Unsupervised Monocular Depth Reconstruction of Non-Rigid Scenes
- URL: http://arxiv.org/abs/2012.15680v1
- Date: Thu, 31 Dec 2020 16:02:03 GMT
- Title: Unsupervised Monocular Depth Reconstruction of Non-Rigid Scenes
- Authors: Ay\c{c}a Takmaz, Danda Pani Paudel, Thomas Probst, Ajad Chhatkuli,
Martin R. Oswald, Luc Van Gool
- Abstract summary: We present an unsupervised monocular framework for dense depth estimation of dynamic scenes.
We derive a training objective that aims to opportunistically preserve pairwise distances between reconstructed 3D points.
Our method provides promising results, demonstrating its capability of reconstructing 3D from challenging videos of non-rigid scenes.

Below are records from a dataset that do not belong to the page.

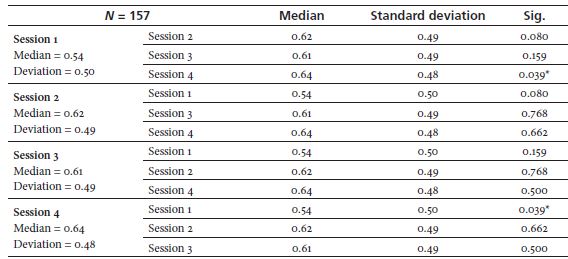 The students’ perceptions, in both groups, were measured in four instances right after they used the expressive writing strategy and were evaluated (Session 1, Session 2, Session 3, and Session 4). These do not show great variation in the three first instances of using expressive writing, since positive effects are in evidence in more than half of the students in a similar way (p ˃ 0.05). However, in the fourth session, some significant differences with respect to the first measurement are noted (p ˂ 0.05). This implies that the level of stress reduction is maintained in a similar way in each evaluation experience until the third intervention, and in the fourth intervention, a significant increase in the favorable effects of expressive writing is noted (see Table 6), a situation that needs to be highlighted.
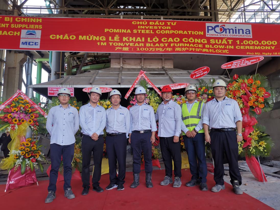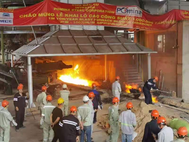 POMINA公司是越南當(dāng)?shù)嘏判星叭纳鲜袖撹F企業(yè),位于越南巴地頭頓省,此次熱試的高爐是越南南部第一座630M3 高爐。
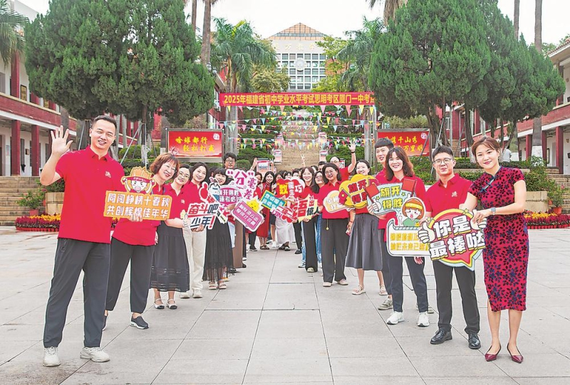 19日中考第一天,在厦门市思明区厦门一中考点,老师和家长举着各种鼓励的标语迎接考生。林旭东 摄
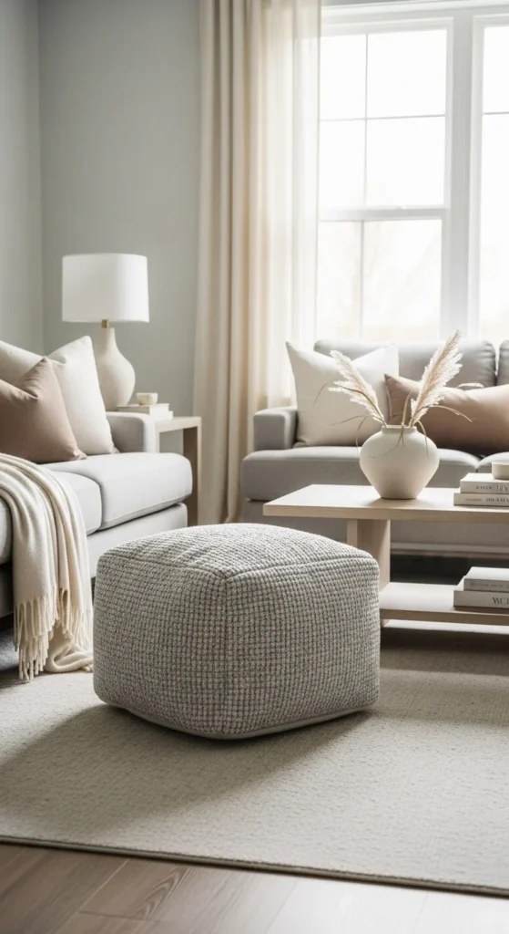 Poufs provide flexible seating and footrests. Choose fabric or woven styles in neutral tones.
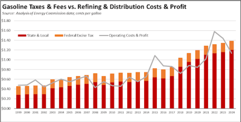 „Kraftstoffsteuern und -gebühren … verdoppeln … die Kosten für die Raffinierung und Lieferung von Benzin in diesem Staat. Kein anderes Produkt, vor allem keines, das so entscheidend für die Lebenshaltungskosten der Kalifornier ist, wird mit einer solchen Steuer belegt.“
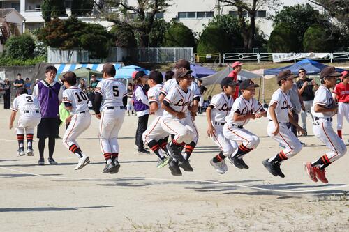 (注記)10人が1列に並んで同時に跳び、連続で跳べた回数を競います

- Score: 87.91841050957714
- License: http://arxiv.org/licenses/nonexclusive-distrib/1.0/
- Abstract: Monocular depth reconstruction of complex and dynamic scenes is a highly
challenging problem. While for rigid scenes learning-based methods have been
offering promising results even in unsupervised cases, there exists little to
no literature addressing the same for dynamic and deformable scenes. In this
work, we present an unsupervised monocular framework for dense depth estimation
of dynamic scenes, which jointly reconstructs rigid and non-rigid parts without
explicitly modelling the camera motion. Using dense correspondences, we derive
a training objective that aims to opportunistically preserve pairwise distances
between reconstructed 3D points. In this process, the dense depth map is
learned implicitly using the as-rigid-as-possible hypothesis. Our method
provides promising results, demonstrating its capability of reconstructing 3D
from challenging videos of non-rigid scenes. Furthermore, the proposed method
also provides unsupervised motion segmentation results as an auxiliary output.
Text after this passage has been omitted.